これは一種のエフェクトみたいなものだ。
最初に色を加える過程があり、次に色を塗る過程がある。
2番目の過程はノイズ除去とも言える。
通常、写真は細かい粒子の情報が集積して出来ているが、その細かい情報を大ざっぱにしてしまう。
それは色を間引いているようなもので、情報量としては欠損させている。
2番目の過程ではあまり考える必要はない。
写真を絵のように見せられるかは、1番目の過程でどのような色を選択するかがポイントとなる。
ここで失敗すると絵筆で描いたような写真にはならない。
全体を通してみると単なる情報の欠如と言いきれないような気もする。
確かにある意味では情報の欠落が生じている。
例えばアルコールなどのドラッグを考えてみると、飲酒によって平衡感覚などが欠如するが、飲酒による効能も全くない訳ではない。

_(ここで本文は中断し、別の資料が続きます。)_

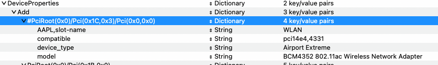 • Try this "compatible" not change 43a0 with Airport kexts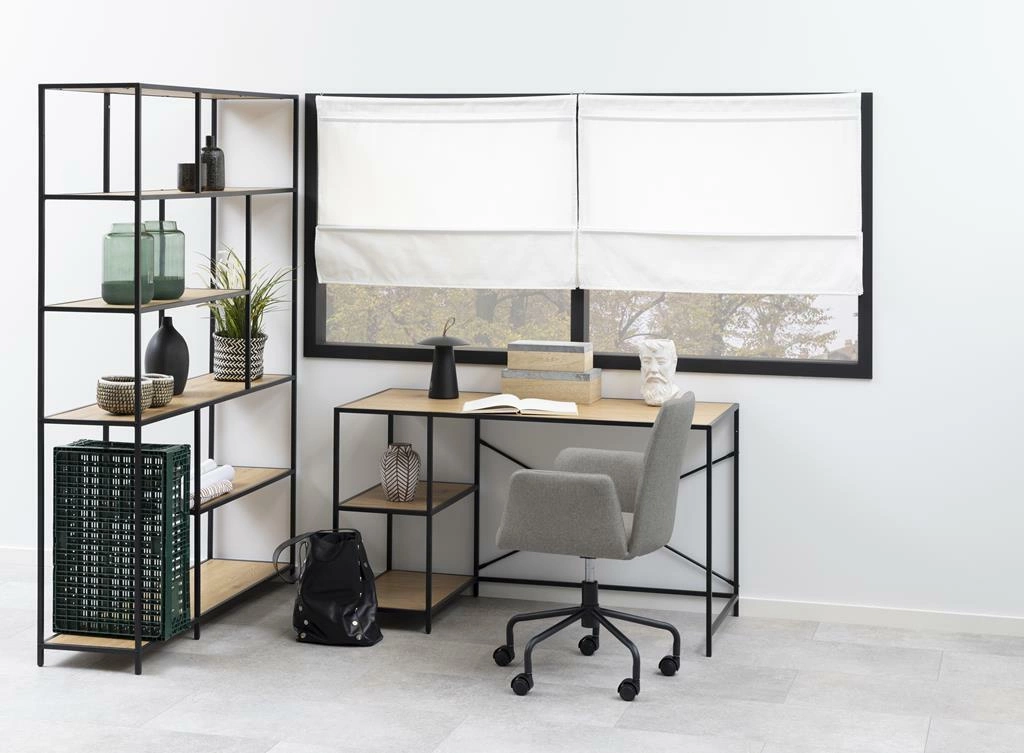 Seaford XIV je industriální regál, který zaujme svým moderním designem a surovou estetikou. Kombinace černého kovového rámu a polic v přírodním dubovém odstínu přitahuje pozornost a dodává interiéru jedinečný loftový charakter. Výrazné linie a otevřená konstrukce zajišťují, že nábytek působí lehce a nezatěžuje ani menší prostory. Díky tomu je regál ideální jak do prostorného obýváku, tak do domácí kanceláře či stylové pracovny.

お酒にしても絵の加工にしても、単に情報を欠落させているだけではないので、エフェクトという単語を使用することにする。
エフェクトのかけ方によって、人間が写真のように判断したり、絵のように判断したりするのは不思議なものだ。
脳がそのように判断に至るまでの要素があったことになる。
写真はリアルで絵は想像の世界のもの。
文章でいうならノンフィクションと小説の違い。
一見似ているようでいて、全く非なるものだというところが面白い。